Eager to look into the future? We'll take you there!

 

New features of Scala 2.13

In this section, we will discuss a few small improvements in the new version, which are not related to the collections topic and don't really belong to some bigger topic, such as optional parsing for string literals, adding names-reporting functions to case classes, methods for chaining operations, and automatic resource-management.

Optional parsing for string literals

In Scala 2.13, StringOps has been extended with methods that return Option for string-literals parsing. Supported types include all numeric types and Boolean.

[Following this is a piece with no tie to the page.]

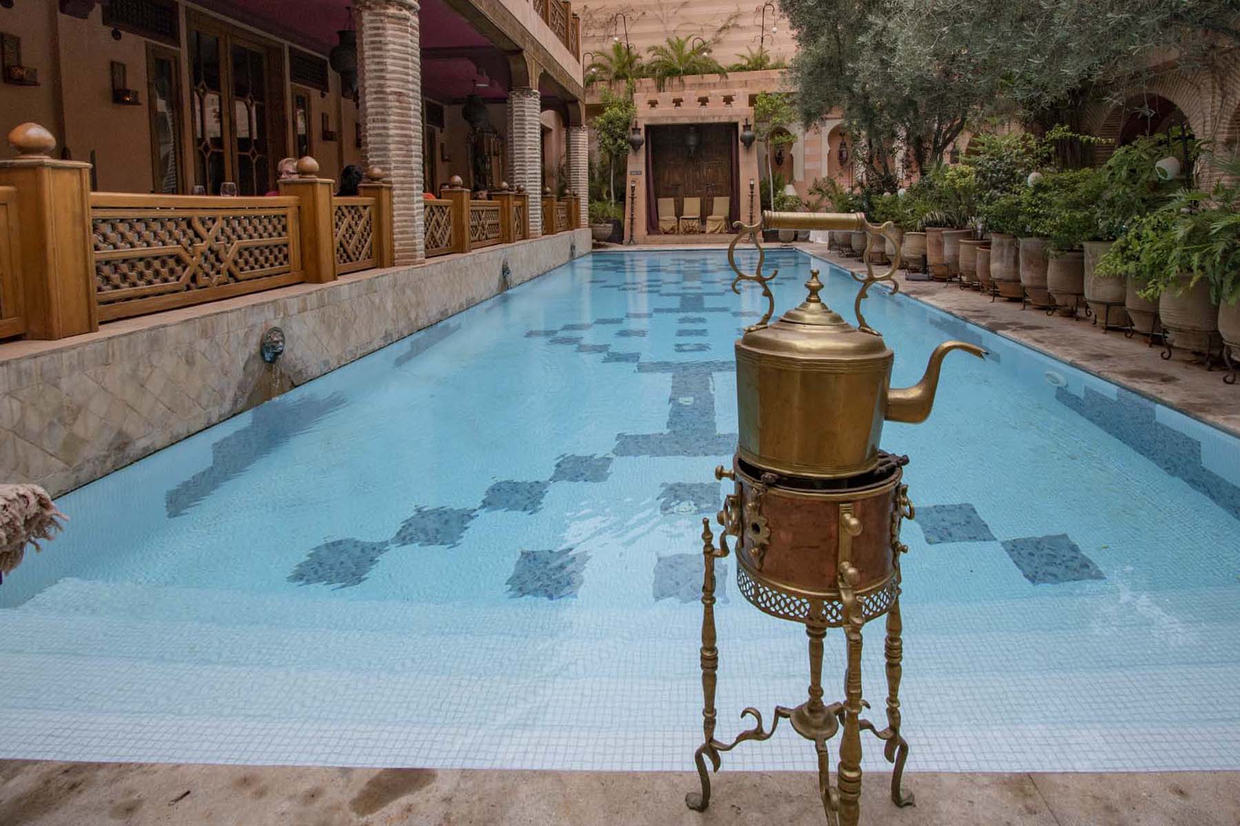 IMG_0458PoolSTR Published January 12, 2020 at 1800 × 1200 in La Maison Arabe, Marrakech Pool and antique tea pot, La Maison Arabe, Marrakech

The new methods can greatly simplify the processing of user-provided data without the need to wrap the calls with the exception-handling, as shown in the following example:

scala> "10".toIntOption
res3: Option[Int] = Some(10)
scala> "TrUe".toBooleanOption
res4: Option[Boolean] = Some(true)
scala> val bool = "Not True"
bool: String = Not True
scala> bool.toBooleanOption
res5: Option[Boolean] = None

The optional Boolean parsing ignores the case of the argument the same way the exception-throwing toBoolean method does.

Products can report the names of their element

This feature probably will be mostly useful for the case classes as it makes possible some generic programming without the need to resort to reflection or macros.

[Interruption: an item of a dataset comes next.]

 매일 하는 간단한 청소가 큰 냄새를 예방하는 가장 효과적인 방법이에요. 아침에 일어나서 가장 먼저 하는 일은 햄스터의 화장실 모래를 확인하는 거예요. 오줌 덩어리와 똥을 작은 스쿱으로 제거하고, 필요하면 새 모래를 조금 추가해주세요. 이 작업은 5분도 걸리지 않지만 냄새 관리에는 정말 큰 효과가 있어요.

The following examples demonstrate how the new productElementName(idx) method can be used to build a naive JSON serializer for simple case classes:

case class User(name: String, surname: String, email: String)

def naiveToJsonString(p: Product): String =
(for { i <- 0 until p.productArity } yield
s""""${p.productElementName(i)}": "${p.productElement(i)}"""")
.mkString("{ ", ", ", " }")

Obviously, this simple iteration does not take nesting and escaping into account, but it already can produce valid results in elementary cases:

scala> val user = User("John", "Doe", "[email protected]")
user: User = User(John,Doe,[email protected])
scala> naiveToJsonString(user)
res1: String = { "name": "John", "surname": "Doe", "email": "[email protected]" }

Unfortunately, the method taking an index of the element throws an exception in the case that the index is invalid:

scala> user.productElementName(3)
java.lang.IndexOutOfBoundsException: 3
at User.productElementName(<console>:1)
... 38 elided

We will discuss why throwing exceptions is not the best approach, as well as viable alternatives, in Chapter 6, Exploring Built-In Effects.

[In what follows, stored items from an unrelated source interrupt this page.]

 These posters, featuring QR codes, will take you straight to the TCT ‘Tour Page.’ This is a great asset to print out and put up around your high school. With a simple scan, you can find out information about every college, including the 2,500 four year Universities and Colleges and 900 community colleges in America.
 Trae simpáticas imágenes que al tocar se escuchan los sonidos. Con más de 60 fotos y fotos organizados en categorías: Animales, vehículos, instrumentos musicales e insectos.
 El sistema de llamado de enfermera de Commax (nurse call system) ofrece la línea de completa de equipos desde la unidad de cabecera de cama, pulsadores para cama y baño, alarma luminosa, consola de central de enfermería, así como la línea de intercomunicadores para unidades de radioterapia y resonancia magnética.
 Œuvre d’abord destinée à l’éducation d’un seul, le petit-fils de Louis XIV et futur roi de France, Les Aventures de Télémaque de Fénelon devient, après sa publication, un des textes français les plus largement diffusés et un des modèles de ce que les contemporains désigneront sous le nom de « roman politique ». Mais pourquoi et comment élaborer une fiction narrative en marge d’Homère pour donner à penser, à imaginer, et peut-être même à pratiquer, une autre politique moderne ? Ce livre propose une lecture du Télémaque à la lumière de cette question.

Added methods for chaining operations

Via import scala.util.chaining._, it is now possible to add tap and pipe methods to instances of any type. The functionality is provided by an implicit conversion to ChainingOps. We will look at implicits in detail in Chapter 4, Getting to Know Implicits and Type Classes.

The pipe method applies a given function to the value and returns the result. It might be helpful in situations where it is desirable to convert nested function calls into the fluid-interface-like code. The following snippet shows an example of an imaginary user database with nested function calls chained via pipe.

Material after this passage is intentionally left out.